Frightened Rabbit – Painting Of A Panic Attack

A quite wonderful return from the Scottish group...

Let’s get this out of the way first: Frightened Rabbit’s new album ‘Painting Of A Panic Attack’ is exceptional. If major label debut ‘Pedestrian Verse’ felt transitional, then the follow up is a band renewed, a group of musicians exploring fresh new ground while remaining true to the colours and hues that first defined them.

Of course, the band itself has changed. Frontman Scott Hutchison now lives in Los Angeles, and a sense of dis-location dominated his 2014 solo project Owl John. This unease remains, with ‘Painting Of A Panic Attack’ finding Frightened Rabbit returning to the intensity of their acclaimed second album ‘The Midnight Organ Fight’.

‘Death Dream’ is a languid but unsettling opener, while ‘I Wish I Was Sober’ and ‘An Otherwise Disappointing Life’ leave bloody wounds, with Scott Hutchison making deep lyrical incisions upon his own sense of regret and self-loathing. It’s not all maudlin fare, though; ‘Get Out’ is a surging tale of survival, while ‘Blood Under The Bridge’ bids adieu to some of the troubles, the struggles that have beset the past.

The international songwriting process – Scott Hutchison worked largely from Los Angeles, while the rest of Frightened Rabbit based themselves in the UK – re-iterates the shifting dynamic within the group. In fact, Frightened Rabbit have rarely felt so much like a band – unexpected sonic elements seem to define each song, from vocal harmonies to instrumental dissonance, building up into a quite unique aural lexicon.

Producer Aaron Dessner, too, plays a significant role. ‘Painting Of A Panic Attack’ was one of the final projects to be completed at his Brooklyn studio, the site of numerous endeavours from The National. It would be churlish to compare the two bands, but there’s a similar sense of confidence, of daring, at work here. Dessner pushes the band to make plentiful use of space, with the stripped down arrangements allowing each part to gain just slightly more prominence.

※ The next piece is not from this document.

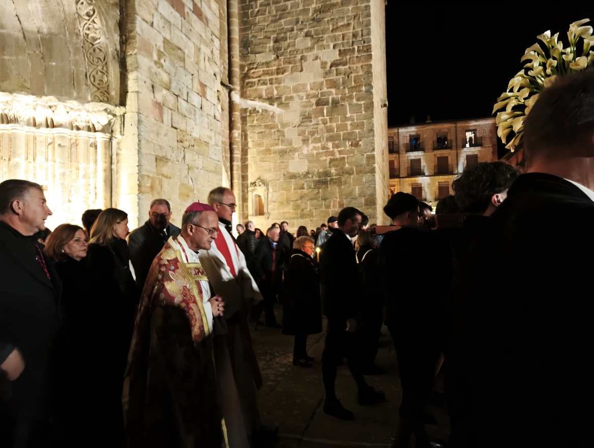 Finalizada la ceremonia, dio comienzo la Procesión del Santo Entierro, también conocida como Procesión del Silencio. El cortejo, presidido por el Santo Sepulcro y acompañado por la Virgen de la Soledad, salió de la Catedral y recorrió las calles Cardenal Mendoza y José de Villaviciosa en dirección a la Ermita de San Lázaro (ubicada en el recinto de la Residencia de Ancianos Padre Saturnino López Novoa).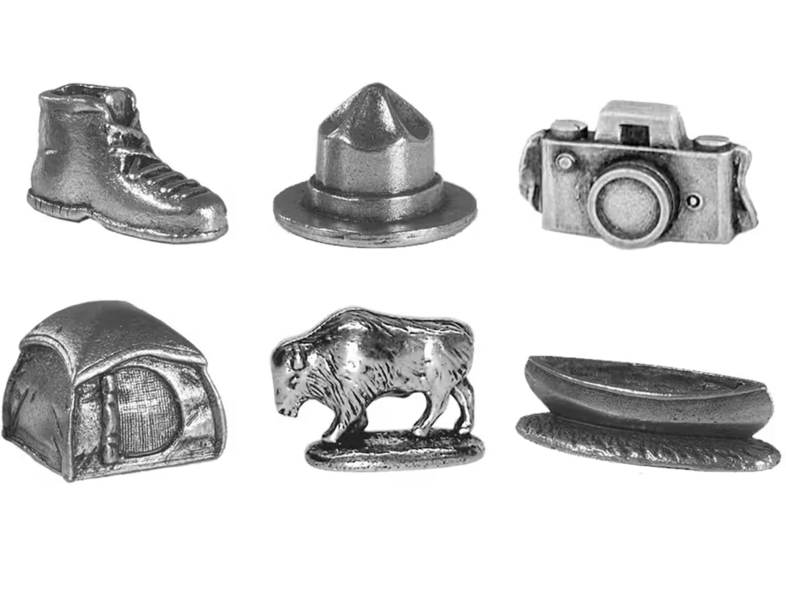 Also featured in the game are the animals that have captured our hearts and curiosity and call the national parks home, including the grizzly bear and the majestic bald eagle. There are six collectable tokens including a ranger hat, tent, canoe, bison, hiking boot, and camera. Historic Sites and Battlefield Parks cards replace the traditional Chance and Community Chest cards. This special edition also includes a set of 60-minute speed play rules for faster gameplay. A portion of proceeds goes to the National Park Foundation.

The album ends with ‘Die Like A Rich Boy’, a track that places one of Scott’s most barbed lyrics against a simple, subtle, even pastoral arrangement. It underlines much of the bravery at work on the record – the tinkling piano notes that sit beneath his voice, before gradually each successive colour is filled in to let the full canvas sit independently on its own.

It is, simply, one of their finest works to date. ‘Painting Of A Panic Attack’ could not have been made by any other band, yet ironically it finds that band shifting upon new ground. By radically altering both their working methods and their songwriting Frightened Rabbit seem to have provided new impetus, new momentum for their work. It’s a wonderful record, one to wrestle with, one that lingers at odd moments of the day and night. Allow it to seek you out.